De meester, die dagelijks met zijn slaven leefde, stond dicht bij de controle van hun leven. Hij bepaalde niet alleen hun werkuren, eetmomenten, slaaptijden en sociale interacties, maar ook de meest intieme aspecten van hun bestaan. De meesten bepaalden de huwelijken van hun slaven en noemden de kinderen die zij voor hen hadden voortgebracht. Wanneer de markt dat vereiste, werden gezinnen op brutale wijze van elkaar gescheiden. En hoewel de meesters, evenals hun zonen en opzichters, de lichamen van hun vrouwelijke slaven naar believen gebruikten, bewaakten en bestraften zij elke seksuele interactie tussen de slaven met grote zorg. Deze dagelijkse nabijheid maakte de controle uitzonderlijk gedetailleerd en persoonlijk.
De meester werd in zijn dagelijks leven volledig geïdentificeerd met zijn macht. Het leven van de slaaf was voor hem niet slechts een object van beheersing, maar een verlengstuk van zijn eigen identiteit. Het minste teken van verzet, of zelfs de emancipatie van een slaaf, werd ervaren als een aanval op de persoonlijke status en het gezag van de meester.

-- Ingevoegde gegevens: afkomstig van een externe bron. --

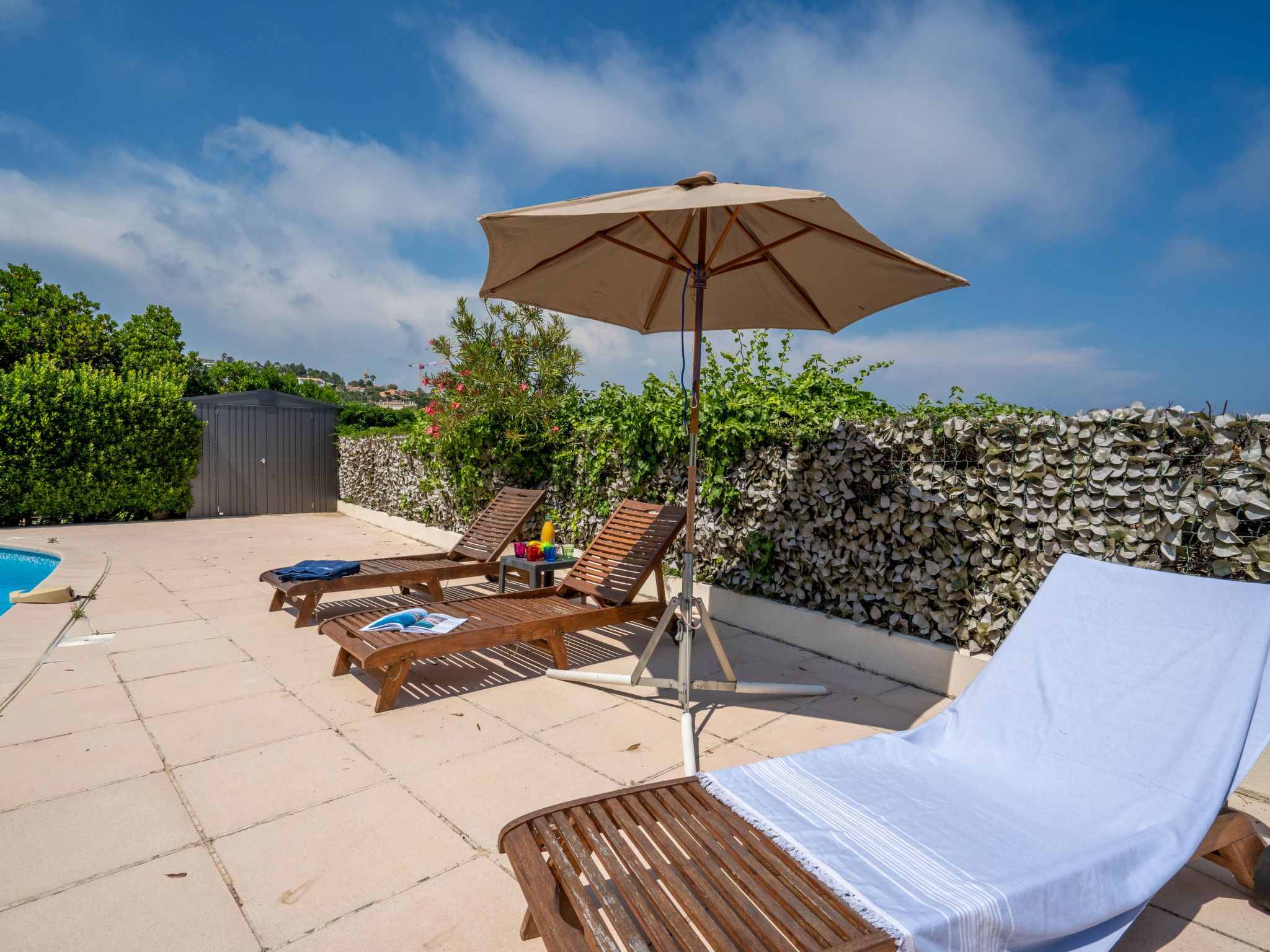 7-room villa 168 m2 on 3 levels, east facing position. Comfortable furnishings: dining room with TV, air conditioning and electric shutters. Exit to the terrace. 1 room with Dressing room with 1 french bed (1 x 160 cm, length 200 cm), air conditioning and electric shutters. Open kitchen (oven, dishwasher, 4 ceramic glass hob hotplates, toaster, kettle, microwave, freezer, electric coffee machine) with electric shutters. Exit to the terrace. Shower, sep. WC. Heating. On the lower ground floor: walk-through room with curtain, without window with 1 bed (90 cm, length 190 cm). 1 room with curtain, without window with 2 beds (90 cm, length 190 cm). 1 room with 1 french bed (1 x 160 cm, length 200 cm), air conditioning and electric shutters. Exit to the terrace. Shower/WC. Upper floor: entrance hall with air conditioning. Living room with TV, air conditioning and electric shutters. Exit to the balcony. 1 room with Dressing room with 1 french bed (1 x 140 cm, length 190 cm), air conditioning and electric shutters. 1 small room with 1 bed (80 cm, length 190 cm), air conditioning and electric shutters. 1 room with 1 french bed (1 x 160 cm, length 200 cm), air conditioning and electric shutters. Bath/shower, sep. WC. Large terrace. Terrace furniture, deck chairs (6). View of the sea. Facilities: washing machine, iron, children's high chair, baby cot, hair dryer. Internet (WiFi, free). Reserved parking (2 cars). Please note: suitable for families. Non-smokers only. 1 pet/ dog allowed. TV only FR. Smoke alarm. 83107000218NA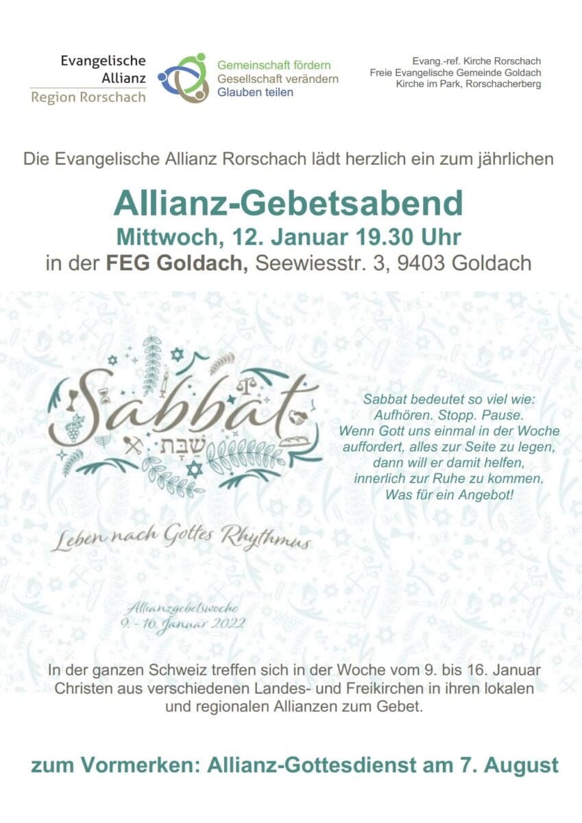 In der ganzen Schweiz treffen sich in dieser Woche Christen aus verschiedenen Landes- und Freikirchen in ihren lokalen und regionalen Allianzen zum Gebet. Interessierte beten morgen Mittwoch (12.01.22) ab 19.30 Uhr gemeinsam in der FEG Goldach an der Seewiesstrasse 3. Alle sind herzlich eingeladen.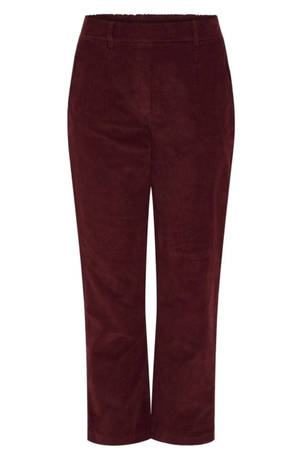 Bordeauxfarvede bukser fra Marta Du Chateau. Bukserne har en almindelig taljehøjde og en elastisk talje med bæltestropper. Den dybe bordeauxfarve giver et markant look.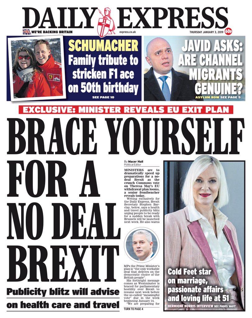 Thursday’s Express: "Brace yourself for a no deal Brexit"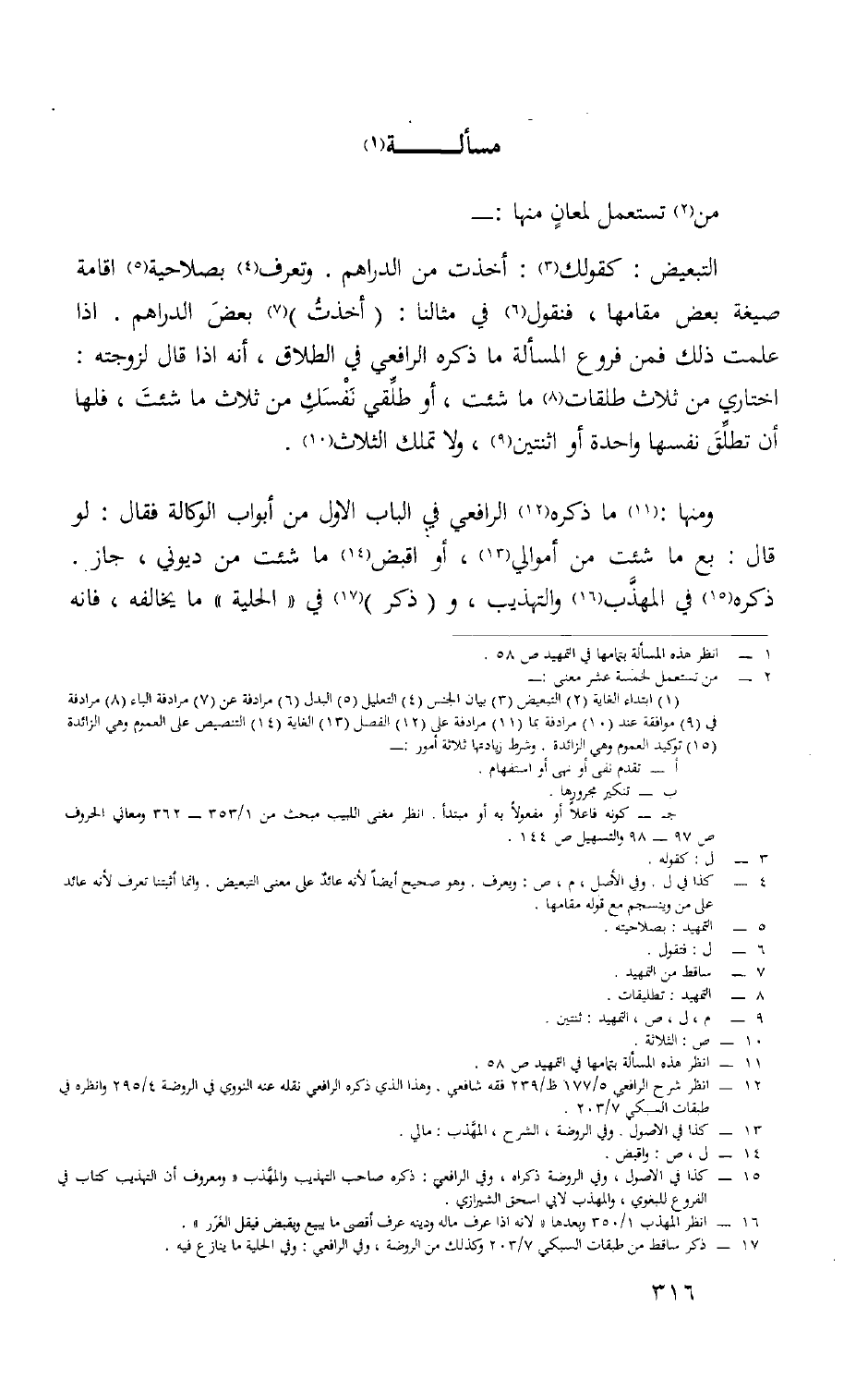 التَّبْعِيض كَقَوْلِك أخذت من الدَّرَاهِم وتعرف بصلاحية إِقَامَة صِيغَة بعض مقَامهَا فَنَقُول فِي مثالنا أخذت بعض الدَّرَاهِم إِذا علمت ذَلِك فَمن فروع الْمَسْأَلَة مَا ذكره الرَّافِعِيّ فِي الطَّلَاق أَنه إِذا قَالَ لزوجته اخْتَارِي من ثَلَاث طلقات مَا شِئْت أَو طَلِّقِي نَفسك من ثَلَاث مَا شِئْت فلهَا أَن تطلق نَفسهَا وَاحِدَة أَو اثْنَتَيْنِ وَلَا تملك الثَّلَاث

Dit idee werd krachtig verwoord door John C. Calhoun, die stelde dat slavernij zo verweven was met de Zuidelijke samenleving en haar instituties, dat het vernietigen ervan gelijk zou staan aan het vernietigen van de samenleving zelf. Deze persoonlijke identificatie met de macht verklaart de intense verdediging van slavernij in het Zuiden van de Verenigde Staten. Buiten het Zuiden werd het einde van slavernij vaak gezien als de liquidatie van een investering, maar in het Zuiden was het de dood van een samenleving, een existentiële crisis voor de meesters.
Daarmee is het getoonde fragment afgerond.